> _Assignment_
Every entry below must be retyped exactly, and the pictures must be left out.

Data records Block Start

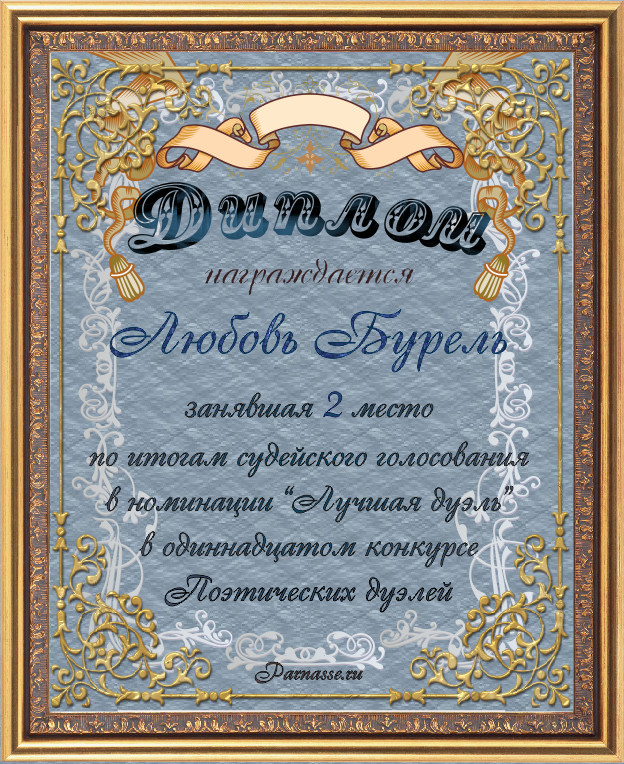Диплом за 2-е место в номинации "Лучшая дуэль" по итогам судейского голосования в одиннадцатом конкурсе поэтических дуэлей (№ 7.3)
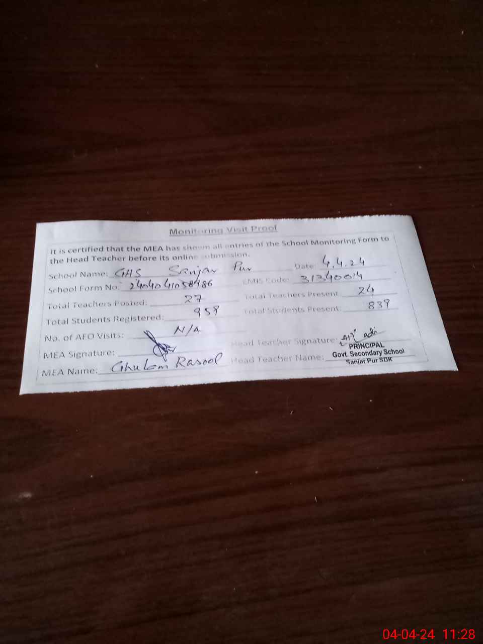 | EMIS Code: 31340014 | Name of School: GHS SANJAR PUR | |||
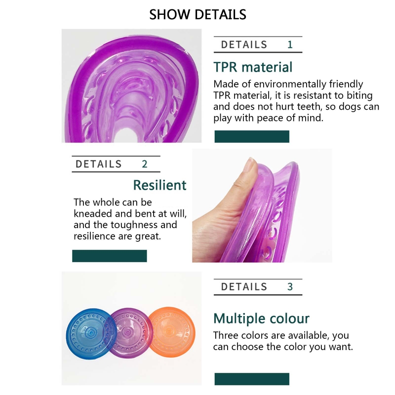 Характеристики: прочный материал: Наши летающие диски для собак изготовлены из нетоксичного материала, не содержащего BPA безвредного материала TPR, который является мягким, гибким, прочным, материал поможет очистить зубы и рот вашей собаки.
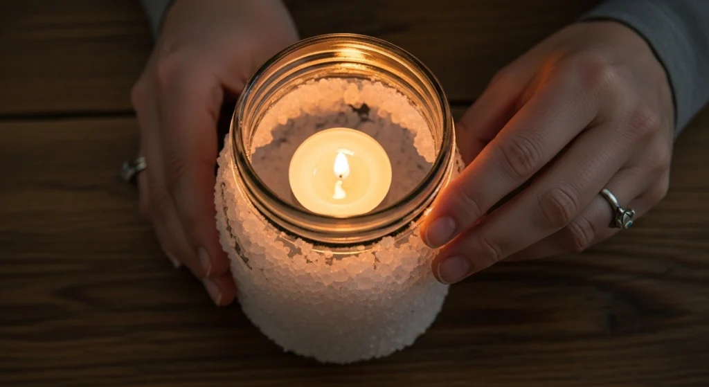 Grab a mason jar, some Mod Podge, and textured Epsom salt. Simply brush the outside of the jar with Mod Podge and roll it in the salt to create a gorgeous, frosty effect. Place a tea light inside, and in under 15 minutes, you have a glowing, winter-ready luminary for your mantel or table.
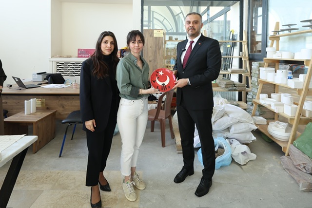 Başkan Toptaş, kursiyerlerle sohbet ederek süreç hakkında bilgi aldı ve ortaya çıkan eserleri yakından inceledi.
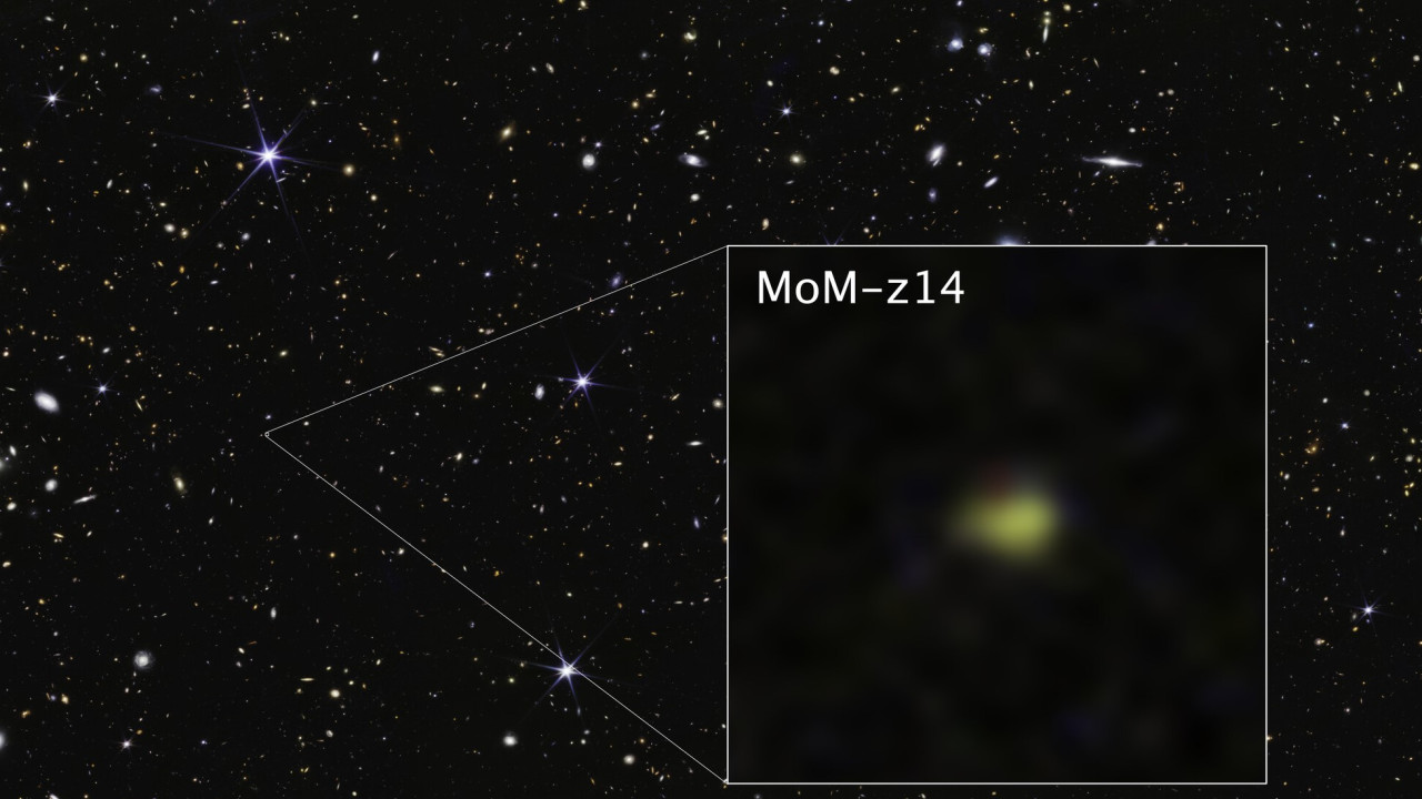 MoM-z14 may look like a little yellow smudge here, but it's our first view of a galaxy that existed just 280 million years after the big bang!https://t.co/RseTsVfbLm pic.twitter.com/usu1BUIp6U— NASA Webb Telescope (@NASAWebb) January 28, 2026

Data records Block End

> _Answer to this exercise_
Диплом за 2-е место в номинации "Лучшая дуэль" по итогам судейского голосования в одиннадцатом конкурсе поэтических дуэлей (№ 7.3)
 | EMIS Code: 31340014 | Name of School: GHS SANJAR PUR | |||
 Характеристики: прочный материал: Наши летающие диски для собак изготовлены из нетоксичного материала, не содержащего BPA безвредного материала TPR, который является мягким, гибким, прочным, материал поможет очистить зубы и рот вашей собаки.
 Grab a mason jar, some Mod Podge, and textured Epsom salt. Simply brush the outside of the jar with Mod Podge and roll it in the salt to create a gorgeous, frosty effect. Place a tea light inside, and in under 15 minutes, you have a glowing, winter-ready luminary for your mantel or table.
 Başkan Toptaş, kursiyerlerle sohbet ederek süreç hakkında bilgi aldı ve ortaya çıkan eserleri yakından inceledi.
 MoM-z14 may look like a little yellow smudge here, but it's our first view of a galaxy that existed just 280 million years after the big bang!https://t.co/RseTsVfbLm pic.twitter.com/usu1BUIp6U— NASA Webb Telescope (@NASAWebb) January 28, 2026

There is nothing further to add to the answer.